**Activity**
Begin at the top of the entries below and write out every line through the one containing "并且此次iPhone 13全", excluding pictures.

···

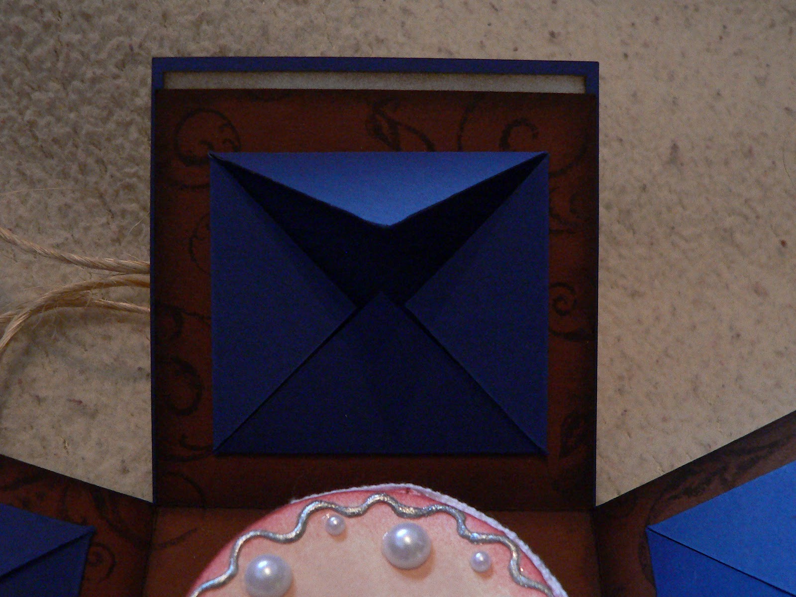 Brauner Fotokarton als Mattung, wie schon auf der Vorderseite überall zu sehen und Blümchenkarton von Action (Die Ränder wieder mit Walnut Staind gewischt, oben links und unten rechts etwas weiter nach innen.)
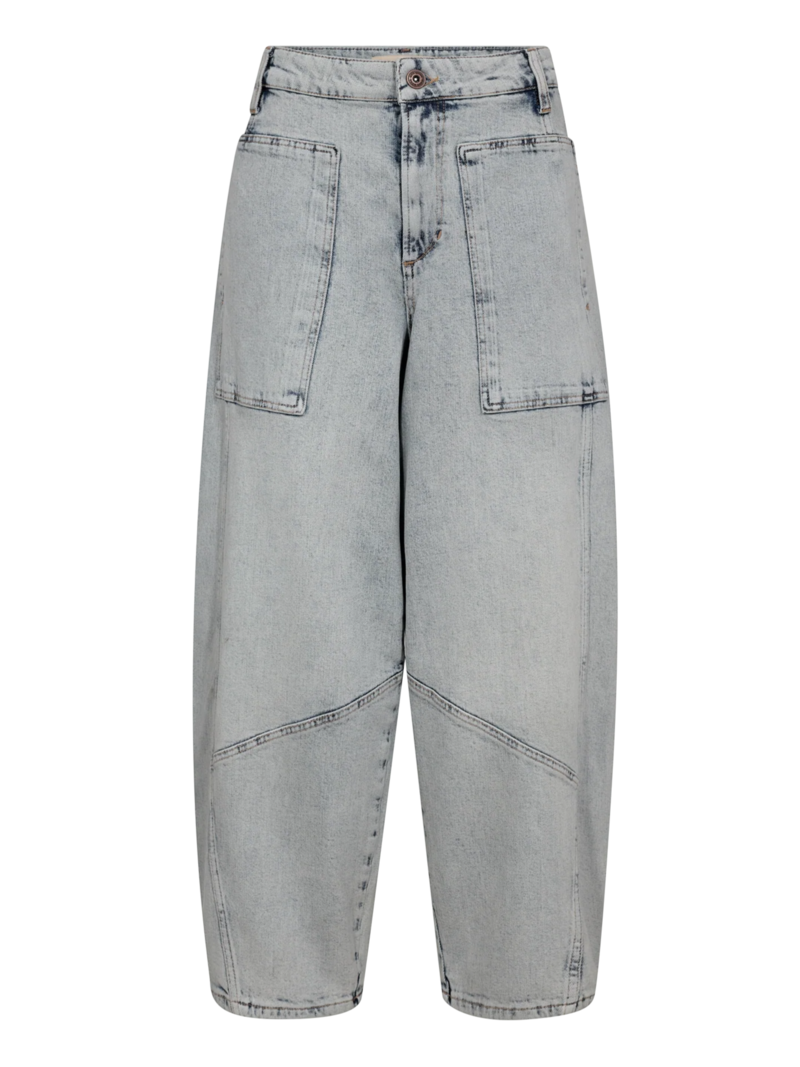 Cool jeans fra Mos Mosh. Et nutidigt statement-piece, hvor form og funktion mødes. Disse jeans har en barrel-inspireret silhuet med høj talje og markante sømdetaljer, som giver et skulpturelt og moderne udtryk. Fremstillet i økologisk bomuld med let stretch for optimal komfort og struktur. Style dem med tætsiddende toppe eller bløde strik for et chikt og afslappet off-duty look.
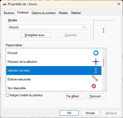 Je suis passé sous Win11 sur mon nouveau pc, et je rencontre un problème au niveau du pointeur "texte" de la souris.
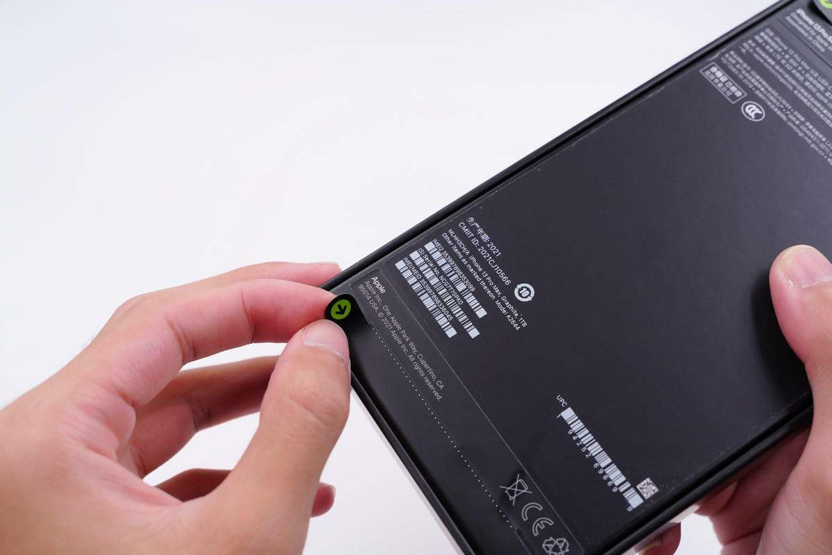 并且此次iPhone 13全系的包装盒均取消了表面的塑料膜,改用上下两条贴纸封装。
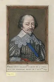 François III d’Orléans (1570 – 1631), Duke of Château-Thierry and of Fronsac, Count of Saint-Pol was governor of Orléans, Blois and Tours and a general of the French Wars of Religion. He was the second born son of Eleonor of Neuchâtel.
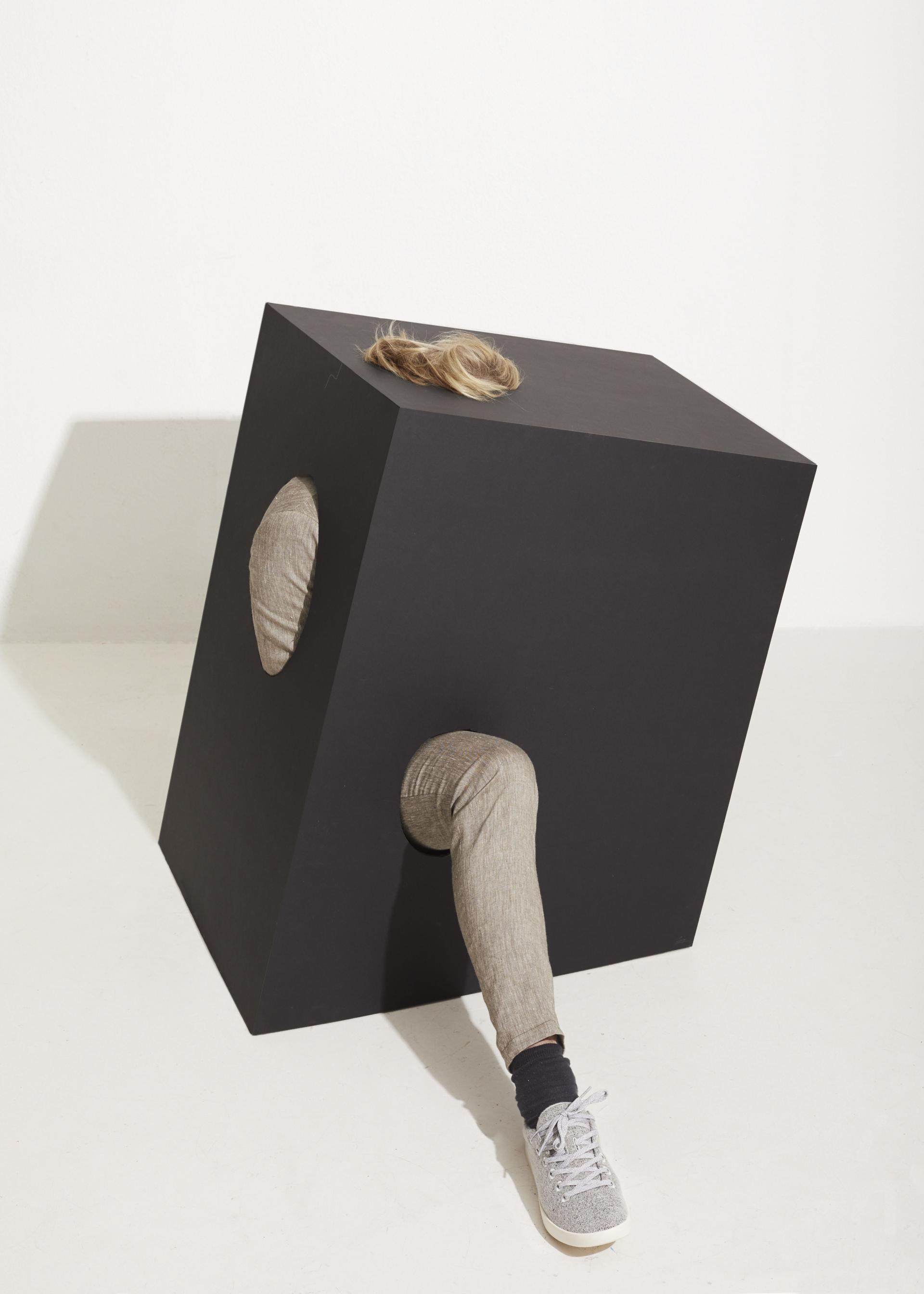 Met de serie “What Remains” heb ik - geïnspireerd op Vrouw met Kraai en de onaffe schetsen van lichamen van Egon Schiele - allerlei mensen gefotografeerd met ledematen die door muren steken. Op het idee van verhullen ga ik dan doorborduren, experimenteren in mijn studio en testshoots doen met mijn stagiair. Zo zoek ik naar het beste idee. Uiteindelijk heb ik Klok onder andere in een doos gefotografeerd.’

···

**Task response**
 Brauner Fotokarton als Mattung, wie schon auf der Vorderseite überall zu sehen und Blümchenkarton von Action (Die Ränder wieder mit Walnut Staind gewischt, oben links und unten rechts etwas weiter nach innen.)
 Cool jeans fra Mos Mosh. Et nutidigt statement-piece, hvor form og funktion mødes. Disse jeans har en barrel-inspireret silhuet med høj talje og markante sømdetaljer, som giver et skulpturelt og moderne udtryk. Fremstillet i økologisk bomuld med let stretch for optimal komfort og struktur. Style dem med tætsiddende toppe eller bløde strik for et chikt og afslappet off-duty look.
 Je suis passé sous Win11 sur mon nouveau pc, et je rencontre un problème au niveau du pointeur "texte" de la souris.
 并且此次iPhone 13全系的包装盒均取消了表面的塑料膜,改用上下两条贴纸封装。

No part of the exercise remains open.